RECORD EXTRACTS:
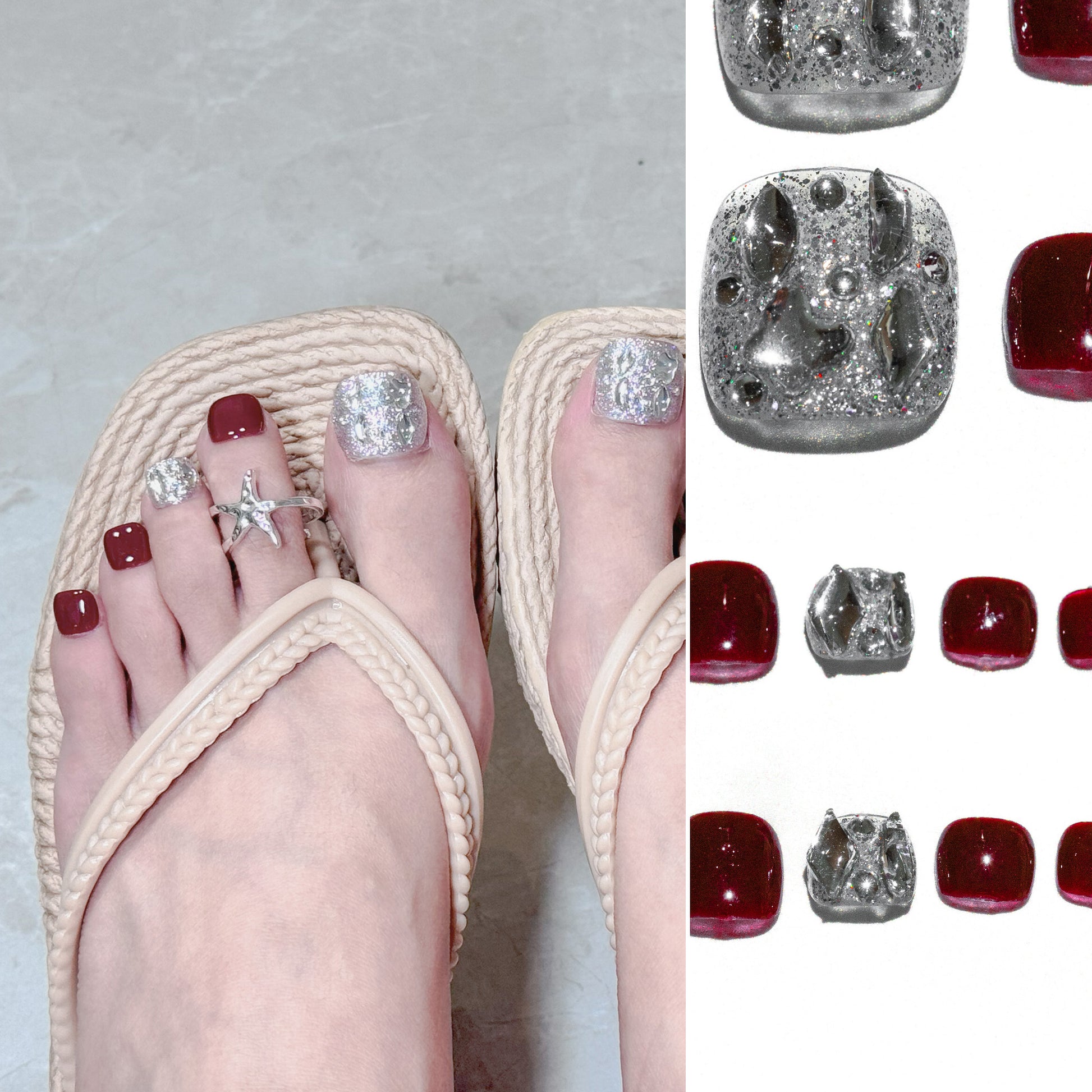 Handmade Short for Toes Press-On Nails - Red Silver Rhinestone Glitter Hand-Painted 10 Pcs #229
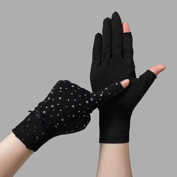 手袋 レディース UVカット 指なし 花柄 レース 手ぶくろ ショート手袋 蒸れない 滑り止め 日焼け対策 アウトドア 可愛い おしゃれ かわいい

* * *

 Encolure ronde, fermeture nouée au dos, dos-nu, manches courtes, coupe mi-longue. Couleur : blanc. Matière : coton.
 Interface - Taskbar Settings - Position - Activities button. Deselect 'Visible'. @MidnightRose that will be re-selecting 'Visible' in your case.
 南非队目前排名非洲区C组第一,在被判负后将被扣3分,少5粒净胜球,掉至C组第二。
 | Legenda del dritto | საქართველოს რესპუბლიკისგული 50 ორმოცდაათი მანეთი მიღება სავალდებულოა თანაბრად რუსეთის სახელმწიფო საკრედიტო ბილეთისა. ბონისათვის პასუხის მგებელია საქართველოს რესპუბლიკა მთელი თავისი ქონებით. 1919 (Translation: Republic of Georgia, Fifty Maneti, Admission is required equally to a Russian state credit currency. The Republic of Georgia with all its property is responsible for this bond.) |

WHAT TO PRODUCE: Reproduce exactly, with no pictures, the lines above from the one holding "Handmade Short for" to the one holding "手袋 レディース UVカット", inclusive.

SOLUTION TO THIS PROBLEM:
 Handmade Short for Toes Press-On Nails - Red Silver Rhinestone Glitter Hand-Painted 10 Pcs #229
 手袋 レディース UVカット 指なし 花柄 レース 手ぶくろ ショート手袋 蒸れない 滑り止め 日焼け対策 アウトドア 可愛い おしゃれ かわいい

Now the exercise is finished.